## Supplied records

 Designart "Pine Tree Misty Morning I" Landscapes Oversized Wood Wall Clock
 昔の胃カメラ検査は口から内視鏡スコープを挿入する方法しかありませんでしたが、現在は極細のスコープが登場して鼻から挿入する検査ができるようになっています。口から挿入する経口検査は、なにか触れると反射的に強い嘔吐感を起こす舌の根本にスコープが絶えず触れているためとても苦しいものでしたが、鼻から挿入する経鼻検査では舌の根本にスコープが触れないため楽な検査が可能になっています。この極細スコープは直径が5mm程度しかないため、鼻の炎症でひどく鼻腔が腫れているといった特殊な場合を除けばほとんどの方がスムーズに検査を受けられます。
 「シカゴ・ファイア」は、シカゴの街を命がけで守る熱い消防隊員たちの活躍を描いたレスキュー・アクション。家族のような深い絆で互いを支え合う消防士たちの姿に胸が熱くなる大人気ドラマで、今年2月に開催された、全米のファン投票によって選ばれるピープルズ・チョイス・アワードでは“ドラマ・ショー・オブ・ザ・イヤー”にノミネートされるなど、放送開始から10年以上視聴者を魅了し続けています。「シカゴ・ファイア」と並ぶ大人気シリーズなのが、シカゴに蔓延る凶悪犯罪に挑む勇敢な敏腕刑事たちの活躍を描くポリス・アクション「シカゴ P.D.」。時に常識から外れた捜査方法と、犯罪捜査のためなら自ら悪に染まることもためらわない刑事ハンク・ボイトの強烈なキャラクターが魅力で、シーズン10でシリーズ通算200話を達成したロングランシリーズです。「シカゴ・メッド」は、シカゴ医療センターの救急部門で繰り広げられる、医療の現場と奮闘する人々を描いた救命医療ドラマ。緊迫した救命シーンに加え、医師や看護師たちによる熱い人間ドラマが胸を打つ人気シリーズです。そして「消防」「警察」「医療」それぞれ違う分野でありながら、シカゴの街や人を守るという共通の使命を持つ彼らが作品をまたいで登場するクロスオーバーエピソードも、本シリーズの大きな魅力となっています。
---
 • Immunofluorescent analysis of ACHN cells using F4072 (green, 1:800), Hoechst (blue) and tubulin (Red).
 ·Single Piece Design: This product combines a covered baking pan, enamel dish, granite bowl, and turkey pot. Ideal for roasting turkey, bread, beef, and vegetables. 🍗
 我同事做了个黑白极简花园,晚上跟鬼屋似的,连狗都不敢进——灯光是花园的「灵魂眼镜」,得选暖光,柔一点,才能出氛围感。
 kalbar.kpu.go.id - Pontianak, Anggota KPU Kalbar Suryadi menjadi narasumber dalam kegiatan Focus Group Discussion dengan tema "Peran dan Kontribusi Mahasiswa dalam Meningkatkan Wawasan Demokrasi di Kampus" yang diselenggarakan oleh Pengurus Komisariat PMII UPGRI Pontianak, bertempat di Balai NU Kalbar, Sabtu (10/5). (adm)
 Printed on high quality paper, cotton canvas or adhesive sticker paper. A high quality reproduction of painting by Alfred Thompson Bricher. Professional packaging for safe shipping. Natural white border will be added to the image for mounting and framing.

## Exercise aim
All that is wanted is an exact copy of the lines above from the one with "and tubulin (Red)." through the one with "kalbar.kpu.go.id - Pontianak, Anggota", with both ends included.

## Task solution
 • Immunofluorescent analysis of ACHN cells using F4072 (green, 1:800), Hoechst (blue) and tubulin (Red).
 ·Single Piece Design: This product combines a covered baking pan, enamel dish, granite bowl, and turkey pot. Ideal for roasting turkey, bread, beef, and vegetables. 🍗
 我同事做了个黑白极简花园,晚上跟鬼屋似的,连狗都不敢进——灯光是花园的「灵魂眼镜」,得选暖光,柔一点,才能出氛围感。
 kalbar.kpu.go.id - Pontianak, Anggota KPU Kalbar Suryadi menjadi narasumber dalam kegiatan Focus Group Discussion dengan tema "Peran dan Kontribusi Mahasiswa dalam Meningkatkan Wawasan Demokrasi di Kampus" yang diselenggarakan oleh Pengurus Komisariat PMII UPGRI Pontianak, bertempat di Balai NU Kalbar, Sabtu (10/5). (adm)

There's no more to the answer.